3.9. Statistical Analyses

The data will be statistically analyzed utilizing IBM SPSS software (version 20) for Windows (SPSS Inc. Chicago, IL, USA). Descriptive data, including mean and standard deviation, are presented for each variable, and the Shapiro-Wilk test is used for analyzing the statistical distribution and variance homogeneity. Using analysis of covariance, the change score from the baseline to follow-up will be the outcome measures (dependent variables). The independent variables are the groups (control vs. intervention). The analyses are controlled for the baseline value of the outcomes. In the case of significant baseline differences between the groups for the descriptive variables, they will be included as control variables in a sensitivity analysis. The effect size is calculated in partial eta-squared (η2). Effect sizes are considered small (0.01), medium (0.09), and large (0.14), and the alpha level was considered 0.05 (26).

4. Discussion

The present study aims to assess the effectiveness of suspension training in performance, lower extremity frontal plane kinematics, and quality of life in the Iranian Navy personnel through a randomized controlled trial study. Traditionally, the military focus has been on aerobic endurance exercises, such as long-running training, because it was accessible to prescribe this kind of exercise when training large numbers of soldiers during physical training. However, these protocols cannot meet all demands of military personnel. Moreover, this kind of exercise increases the risk of injury in this population, especially if accompanied by poor neuromuscular control and uncontrolled movements (4). It has been assumed that suspension training can train all components of physical fitness, including flexibility, cardiovascular fitness, power, muscular strength, and endurance. However, the effectiveness of suspension training has not been investigated in this population. In addition, due to the changing locations of military personnel, feasible and easy-accessible training methods that can be performed anywhere are needed. In contrast to heavyweights, suspension training can be performed using body weight and manipulating lever arm principles of resistance.

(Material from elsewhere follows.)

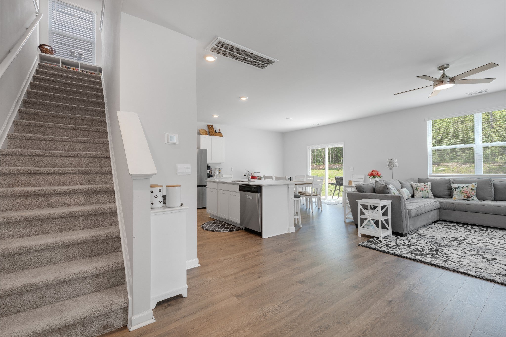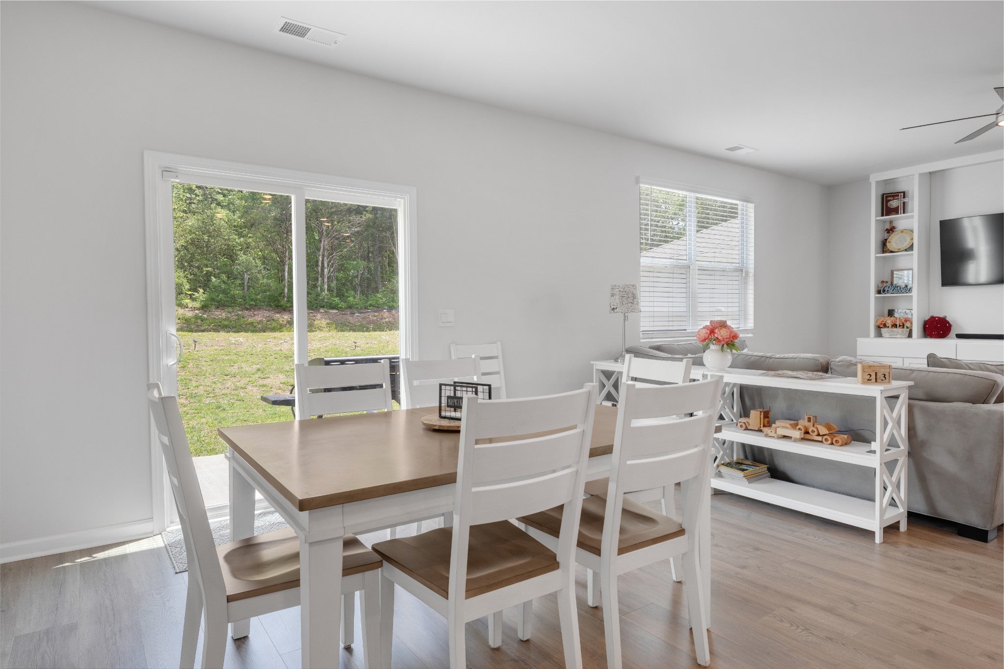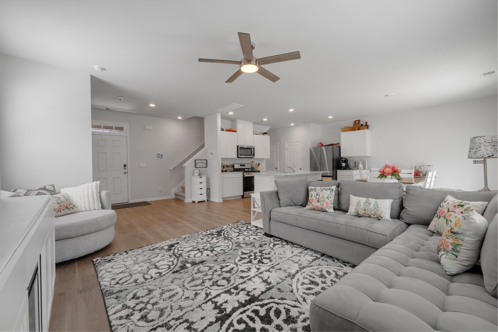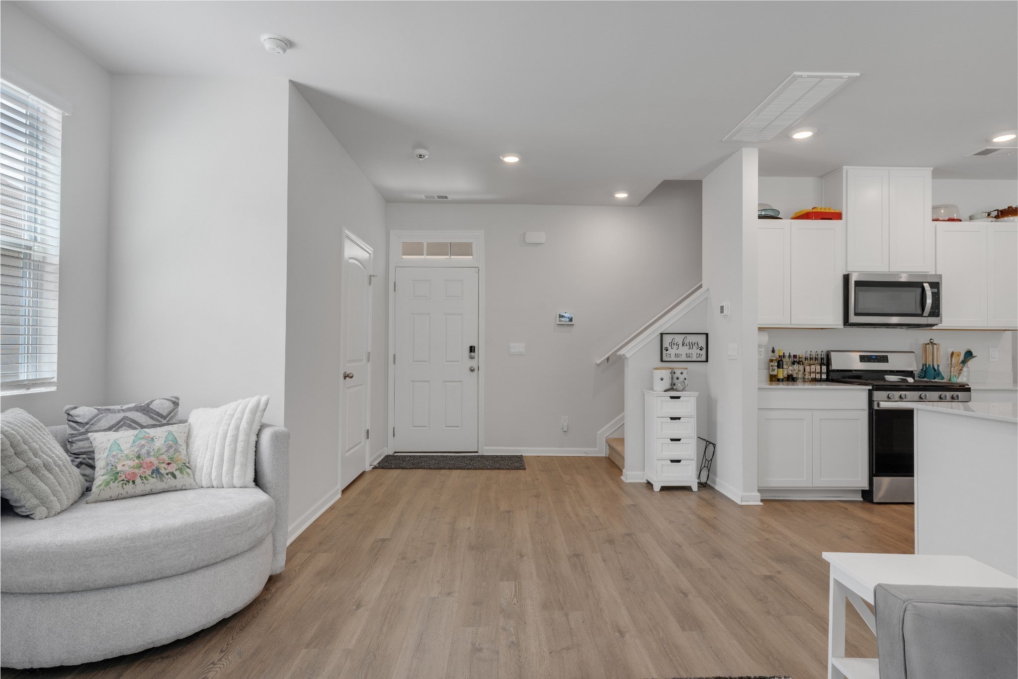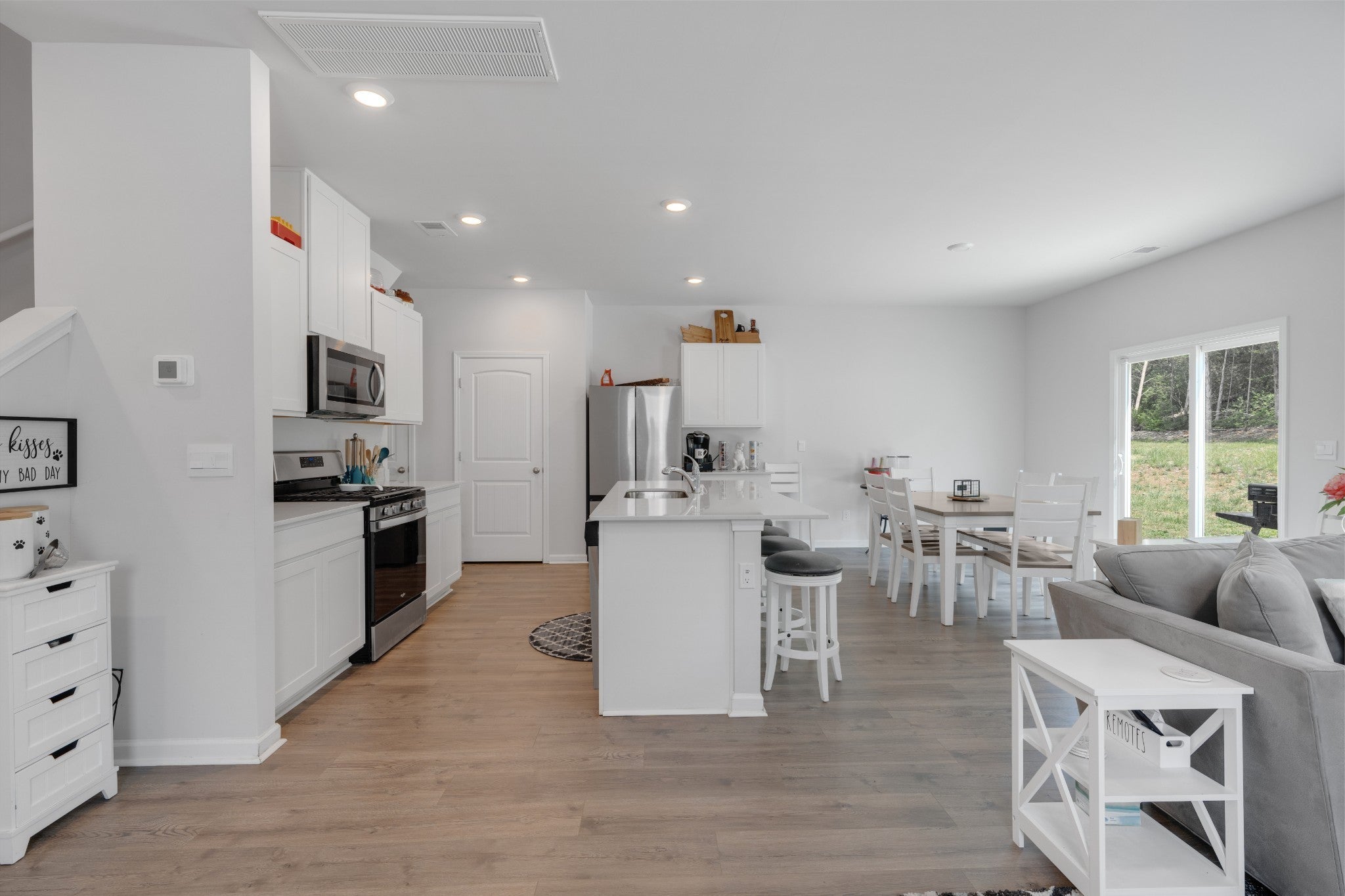 This open-concept beauty is better than a brand new home! This home is designed for the way you live today — with a gourmet kitchen that’s sure to impress. You’ll love the oversized island, 5-burner gas range, stainless steel appliances, crisp white cabinetry, and even a built-in spice drawer for those who love to cook or entertain. The spacious living and dining areas flow effortlessly, making it just as ideal for hosting friends as it is for quiet nights at home. The built in entertainment center with mounted TV makes living room a great place to see the game or watch a movie! The luxurious owner’s suite offers a true retreat with a large walk-in shower, dual vanities, and an expansive walk-in closet. Thoughtful features throughout the home include built-ins for your entertainment setup, custom bookshelves, and tons of extra storage space. Outside, relax on your private back patio or take advantage of the neighborhood's resort-style perks: a sparkling pool, large playground, scenic walking trails, and sidewalks on both sides of the street. Motivated sellers!

Therefore, a randomized controlled trial will be conducted to investigate the effectiveness of suspension training in performance as the primary and lower extremity kinematics and quality of life as the secondary outcomes. If the current training protocol improves performance, lower extremity kinematics, and quality of life in military personnel, various experts and military coaches can use suspension training programs as new methods requiring a minimal facility to improve all supervised military personnel demands.

The present study have some limitations. One of the most important limitations is the recruitment of only male personnel within a specific age range. Therefore, the results of the present study might not be generalizable to all military personnel populations. Another limitation is a double-blind design which is impossible for this study.